## Exercise brief:
The answer is the line containing "- Design unique" plus every line after it to the end of the material, retyped exactly and without the pictures.

## Source data:
_ _ _

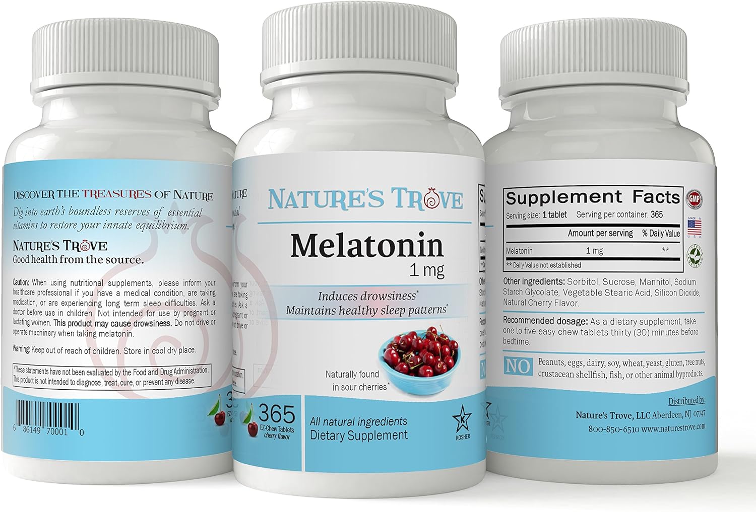 Melatonin 1mg by Nature's Trove - 365 EZ-Chew Tablets
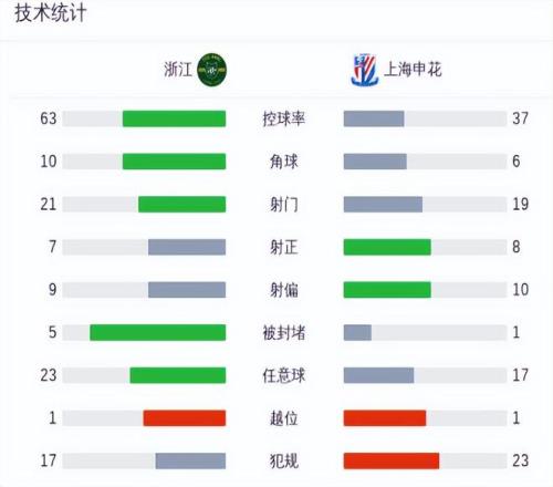 這場(chǎng)比賽,上海申花從場(chǎng)面到結(jié)果,都無(wú)法讓人滿意。賽后數(shù)據(jù)顯示,上海申花面對(duì)浙江隊(duì),竟然全面處于劣勢(shì),控球率只有37%,角球比浙江隊(duì)少4個(gè),射門(mén)次數(shù)、傳球成功率以及任意球次數(shù),都不如浙江隊(duì)。從數(shù)據(jù)統(tǒng)計(jì)看,上海申花最終能1:1戰(zhàn)平浙江,不僅不應(yīng)該感到遺憾,還應(yīng)該感到慶幸。
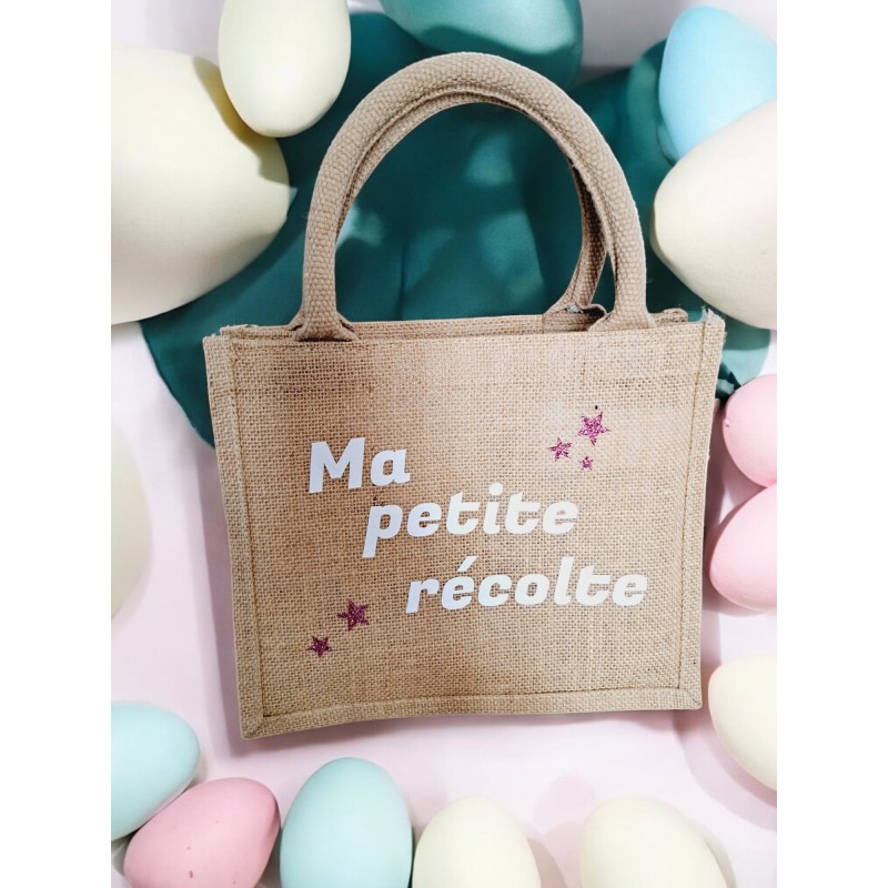 - Design unique : Une inscription élégante "Ma petite récolte", accompagnée d’un adorable lapin pailleté vu de dos. Le pompon en guise de queue ajoute une touche ludique et originale.
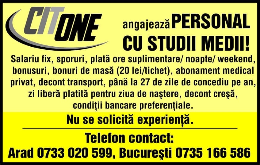 CIT ONE angajeaza personal cu studii medii! Salariu fix, sporuri, plata ore suplimentare/ noapte/ weekend. bonusuri, bonuri de masa (20 lei/tichet), abonament medical privat, decont transport, pana la 27 de zile de concediu pe an, zi libera platita pentru ziua de nastere,decont cresa, conditii bancare preferentiale. Nu se solicita experienta. Arad-0733020599, Bucuresti- 0735166586

_ _ _

## Output below:
 - Design unique : Une inscription élégante "Ma petite récolte", accompagnée d’un adorable lapin pailleté vu de dos. Le pompon en guise de queue ajoute une touche ludique et originale.
 CIT ONE angajeaza personal cu studii medii! Salariu fix, sporuri, plata ore suplimentare/ noapte/ weekend. bonusuri, bonuri de masa (20 lei/tichet), abonament medical privat, decont transport, pana la 27 de zile de concediu pe an, zi libera platita pentru ziua de nastere,decont cresa, conditii bancare preferentiale. Nu se solicita experienta. Arad-0733020599, Bucuresti- 0735166586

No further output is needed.